Records shown:
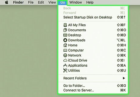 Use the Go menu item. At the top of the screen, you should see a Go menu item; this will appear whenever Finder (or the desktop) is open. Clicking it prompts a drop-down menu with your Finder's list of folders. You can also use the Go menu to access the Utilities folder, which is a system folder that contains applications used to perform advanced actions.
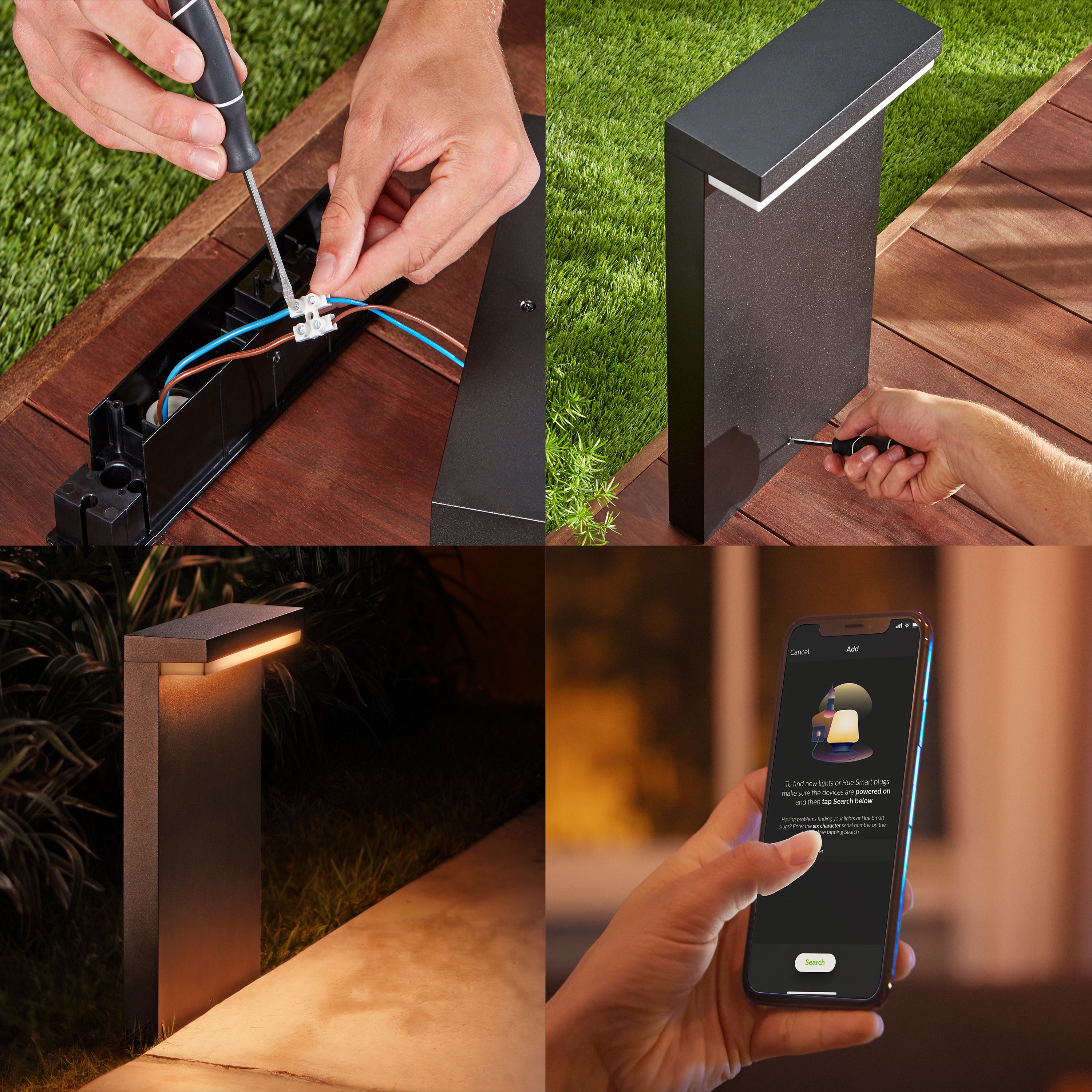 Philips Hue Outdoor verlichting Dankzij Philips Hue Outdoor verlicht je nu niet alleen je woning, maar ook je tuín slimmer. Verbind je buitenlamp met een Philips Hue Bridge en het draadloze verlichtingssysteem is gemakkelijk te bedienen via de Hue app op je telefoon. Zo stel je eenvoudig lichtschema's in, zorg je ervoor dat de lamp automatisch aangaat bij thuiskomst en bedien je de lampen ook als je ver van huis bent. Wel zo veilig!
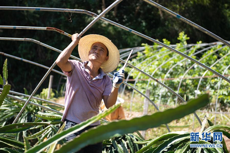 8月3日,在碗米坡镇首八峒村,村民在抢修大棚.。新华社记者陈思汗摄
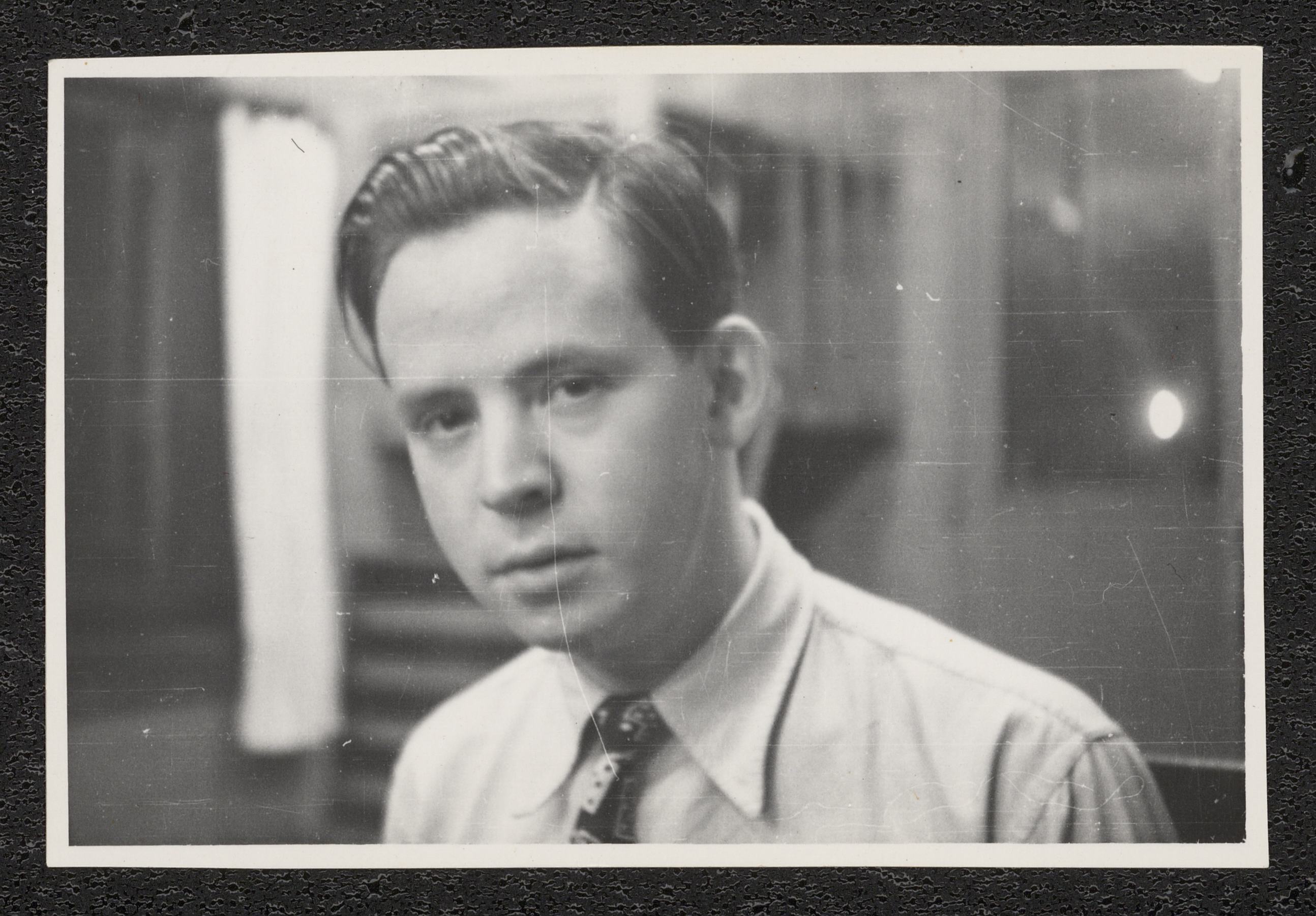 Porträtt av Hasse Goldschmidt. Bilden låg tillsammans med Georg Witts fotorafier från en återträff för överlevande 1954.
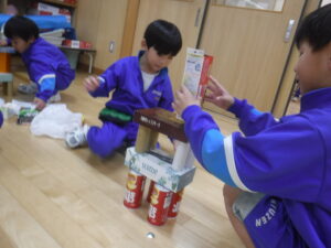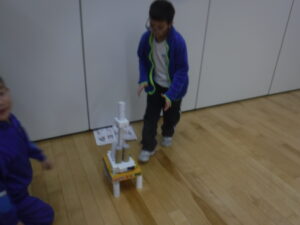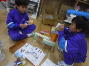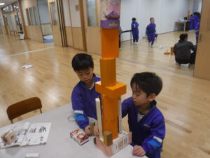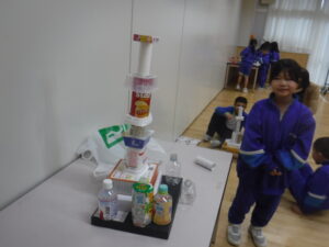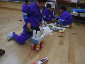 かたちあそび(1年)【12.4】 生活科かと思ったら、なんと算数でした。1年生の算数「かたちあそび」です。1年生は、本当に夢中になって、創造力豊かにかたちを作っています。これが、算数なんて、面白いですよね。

--

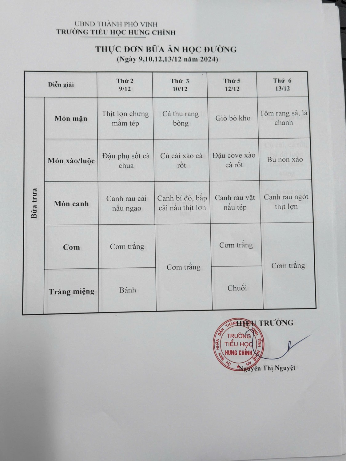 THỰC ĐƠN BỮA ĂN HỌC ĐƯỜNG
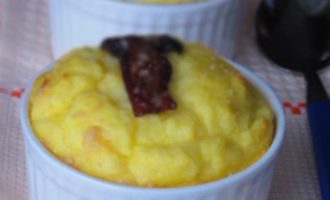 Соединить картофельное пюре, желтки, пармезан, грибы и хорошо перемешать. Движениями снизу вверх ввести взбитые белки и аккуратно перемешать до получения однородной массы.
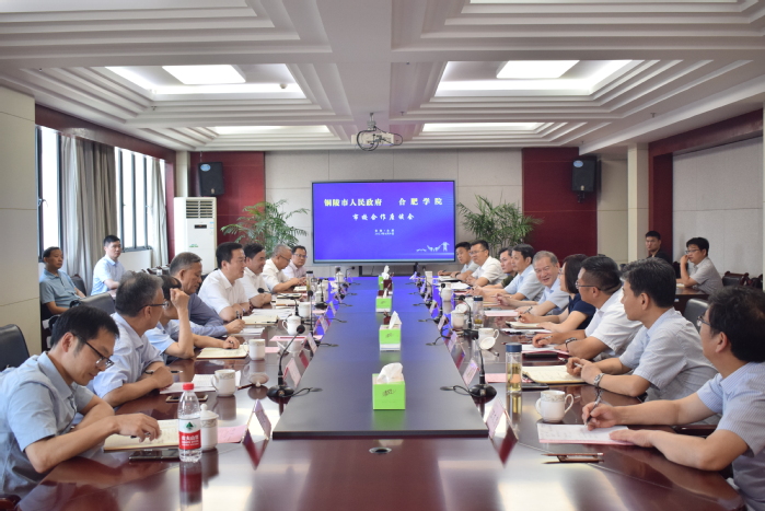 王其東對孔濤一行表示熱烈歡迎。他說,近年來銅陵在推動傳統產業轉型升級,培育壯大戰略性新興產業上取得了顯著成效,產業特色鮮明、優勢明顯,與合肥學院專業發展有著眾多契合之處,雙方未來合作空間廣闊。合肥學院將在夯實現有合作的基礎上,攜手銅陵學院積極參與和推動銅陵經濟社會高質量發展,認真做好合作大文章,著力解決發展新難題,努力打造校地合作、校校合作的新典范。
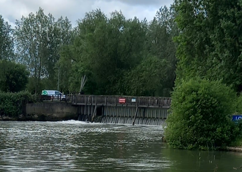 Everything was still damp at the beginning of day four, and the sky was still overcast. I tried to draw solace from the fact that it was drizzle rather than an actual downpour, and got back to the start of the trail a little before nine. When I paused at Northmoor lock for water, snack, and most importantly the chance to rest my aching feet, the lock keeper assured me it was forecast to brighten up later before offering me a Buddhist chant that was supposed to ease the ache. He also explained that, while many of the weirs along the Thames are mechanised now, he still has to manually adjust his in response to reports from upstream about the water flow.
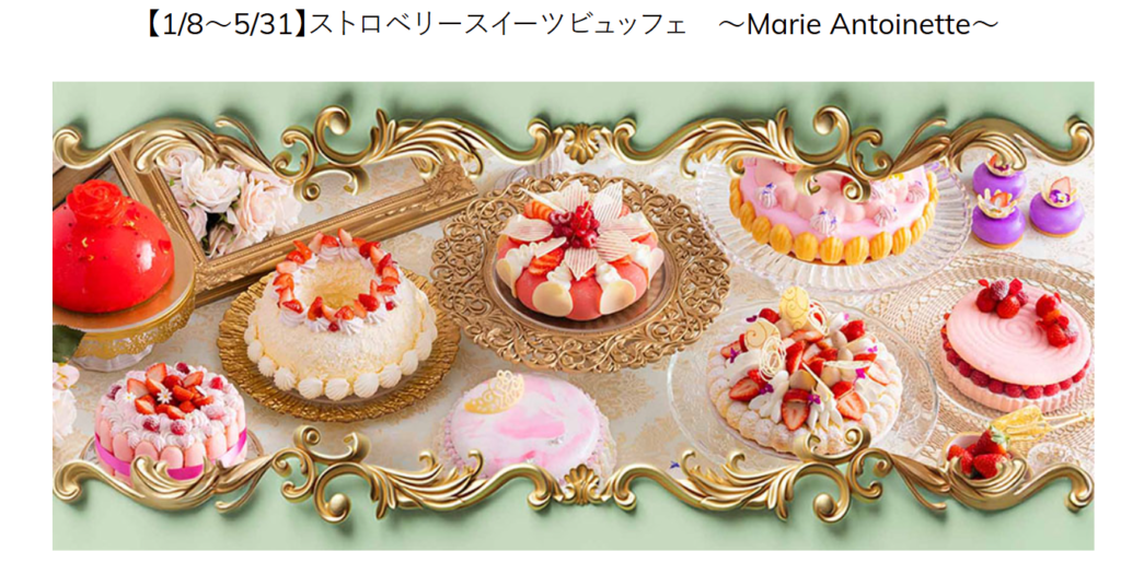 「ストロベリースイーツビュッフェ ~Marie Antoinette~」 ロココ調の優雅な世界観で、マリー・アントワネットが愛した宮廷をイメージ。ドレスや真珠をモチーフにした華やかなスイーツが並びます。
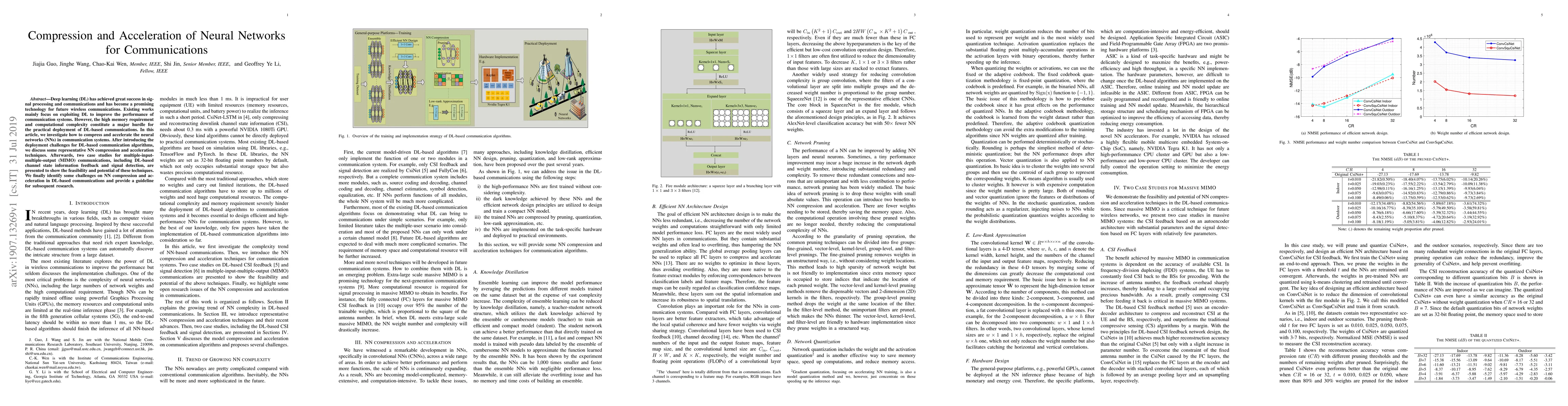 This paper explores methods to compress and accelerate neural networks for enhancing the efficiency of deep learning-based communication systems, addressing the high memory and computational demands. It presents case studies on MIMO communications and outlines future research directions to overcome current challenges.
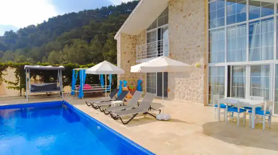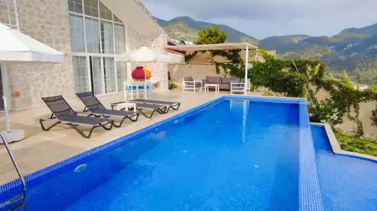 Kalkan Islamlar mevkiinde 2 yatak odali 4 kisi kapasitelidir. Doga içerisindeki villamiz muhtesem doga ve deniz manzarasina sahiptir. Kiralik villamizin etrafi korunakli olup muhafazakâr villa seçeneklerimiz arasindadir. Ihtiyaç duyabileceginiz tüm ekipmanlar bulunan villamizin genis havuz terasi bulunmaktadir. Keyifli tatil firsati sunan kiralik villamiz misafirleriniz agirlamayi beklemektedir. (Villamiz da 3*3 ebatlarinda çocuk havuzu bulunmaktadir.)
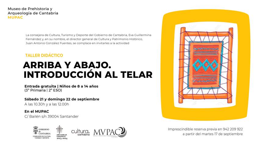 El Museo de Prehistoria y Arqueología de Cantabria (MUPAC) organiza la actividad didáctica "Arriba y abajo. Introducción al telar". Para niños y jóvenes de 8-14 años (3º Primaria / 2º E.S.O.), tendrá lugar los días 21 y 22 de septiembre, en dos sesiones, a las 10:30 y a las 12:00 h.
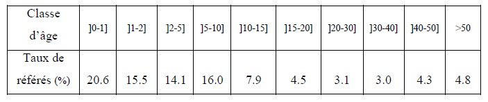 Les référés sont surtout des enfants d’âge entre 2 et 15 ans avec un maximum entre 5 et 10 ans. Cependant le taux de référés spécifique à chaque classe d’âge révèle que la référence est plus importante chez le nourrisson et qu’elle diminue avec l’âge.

What you need to do:
Print from the line containing "Use the Go menu item." through the line containing "かたちあそび(1年)【12." in the data above, exactly as the lines stand, and omit every picture.

Task result:
 Use the Go menu item. At the top of the screen, you should see a Go menu item; this will appear whenever Finder (or the desktop) is open. Clicking it prompts a drop-down menu with your Finder's list of folders. You can also use the Go menu to access the Utilities folder, which is a system folder that contains applications used to perform advanced actions.
 Philips Hue Outdoor verlichting Dankzij Philips Hue Outdoor verlicht je nu niet alleen je woning, maar ook je tuín slimmer. Verbind je buitenlamp met een Philips Hue Bridge en het draadloze verlichtingssysteem is gemakkelijk te bedienen via de Hue app op je telefoon. Zo stel je eenvoudig lichtschema's in, zorg je ervoor dat de lamp automatisch aangaat bij thuiskomst en bedien je de lampen ook als je ver van huis bent. Wel zo veilig!
 8月3日,在碗米坡镇首八峒村,村民在抢修大棚.。新华社记者陈思汗摄
 Porträtt av Hasse Goldschmidt. Bilden låg tillsammans med Georg Witts fotorafier från en återträff för överlevande 1954.
 かたちあそび(1年)【12.4】 生活科かと思ったら、なんと算数でした。1年生の算数「かたちあそび」です。1年生は、本当に夢中になって、創造力豊かにかたちを作っています。これが、算数なんて、面白いですよね。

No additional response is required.